After a moment of initial shock, when Mrs Robinson took in the Egyptian dress, the fact that it was made of cotton— how daring!—and the beautiful young man who was Chinese, she recovered magnificently. She held out a work-hardened hand to Phryne and said, ‘How nice to meet you, Miss Fisher. Jack is always talking about you. That is a remarkable dress,’ she added.

‘And that is a remarkable orchid,’ said Phryne. ‘Is it one of yours, Jack? It goes perfectly with that wine-red of your dress, Mrs Robinson.’

‘Bred it myself,’ said Robinson, pleased. He was at this ball entirely on account of his dear Rosie and was now thinking that it might not be as bad as he had thought, after all. And he had always liked Lin Chung. ‘Rosie likes that shade of red. She grows roses that colour. Black Boy, they’re called. Grow all over the side fence and you can smell them right down the street in spring.’

‘A young lady was just telling me that I ought to have a garden,’ said Phryne. ‘I promised to do it, if she would design it for me. I have always thought rose arbours charming. Can you tell me about them, Mrs Robinson?’

‘Call me Rosie,’ said Mrs Robinson, launched on her favourite topic. ‘Well, you need to make the arbour really strong. Roses are heavy, and they aren’t true climbing plants, they just throw out long tendrils which can be draped and tied . . .’

Lin and Robinson exchanged a glance of masculine empathy.

‘Shall we go in?’ asked Lin.

‘Got those invitations, Rosie?’ asked Robinson.

The colour scheme of the Town Hall was exactly to Mrs Robinson’s taste; dark red and gold. Gilded leaves cascaded down from the domed ceiling. Red flowers were everywhere. Scarlet and gold lanterns depended from the roof and ropes of scarlet blossoms with small electric bulbs inside were swagged along the walls. Huge gilt medallions on scarlet ropes of flowers were draped all along the balconies. No expense had been spared and it seemed, from the buzz and the scent and the passing trays of drinks, that it was going to be a night full of fashion and exertion. The band was already playing selections from the ‘Student Prince’ when Phryne, the Robinsons and Lin joined the mayoral party and they made their entrance to a minuet.

Phryne was delighted to see that one lady had eschewed the prevalent pink and blue and wore an ivory crepe dress with heavy silver and coral beading at the hem and a posy of shaded brown pansies. This was a woman Phryne would like to meet. Especially since she had seen that beading before. It was the piece which Julia Chivers had been working on when Phryne first encountered her.
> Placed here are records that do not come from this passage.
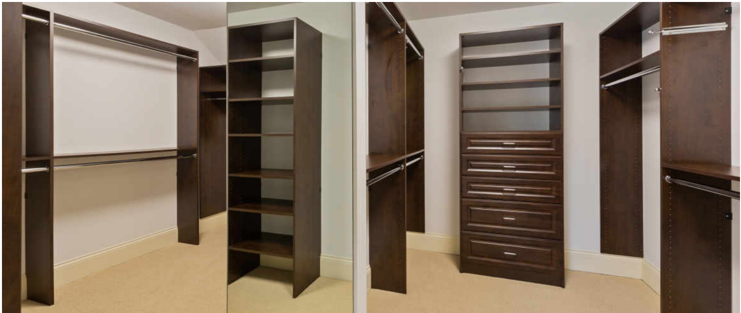
MASTER BEDROOM CLOSET
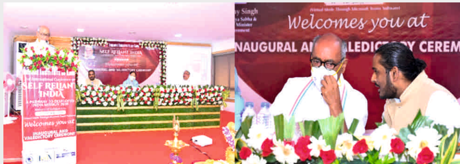
Mr. Digvijay Singh , Member of Parliament, Raj Sabha & Former Chief Minister, Madhya Pradesh.

“Self-Reliant India” A Pathway to Developed India Mission 2030 Return of Golden Era
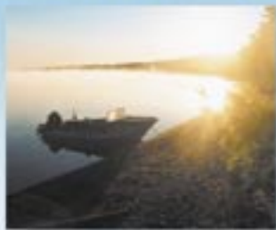
Boating on 8 lakes!
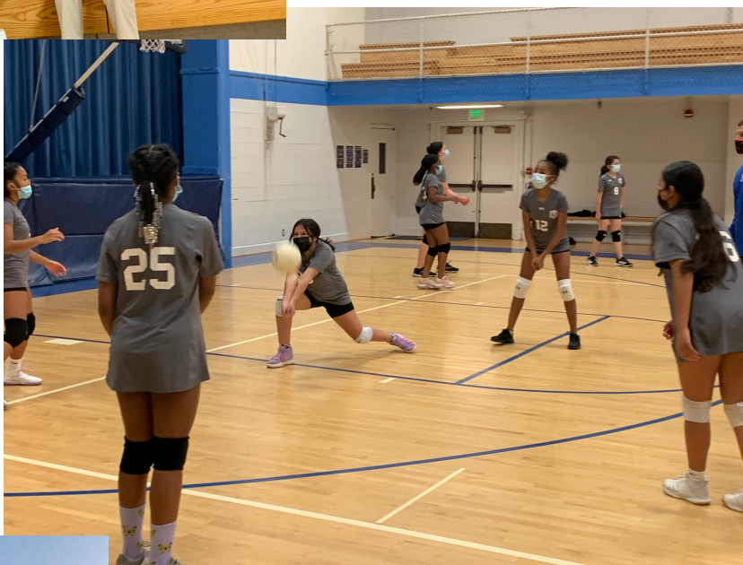
The girls warm up before their game.

They took their places on the dais and the debutantes came in. They formed a column of unrelieved white, stark against the opulent scarlet and gold.

Pair by pair, they made their curtsy, terribly young, good looking in some cases only because they were young, and each smooth head dipped to the correct depth. The Mayor’s daughter led the way, dressed in pink and blue, with bows.

There was a poignancy in a debutante parade, Phryne found. She had been that young once, had indeed, rather late, dressed in a suitable white gown and the regulation three white ostrich feathers and curtsied to the Queen. By then she had been twenty, on a London visit at the urgent request of her mother, and she had shucked the dress at her earliest convenience and rushed back to Paris.

But Phryne nodded and smiled as the young people came forward, the Lady Mayoress said a few suitable words and they filed aside, looking unutterably relieved not to have fallen over while curtsying or stammered while whispering ‘thank you’.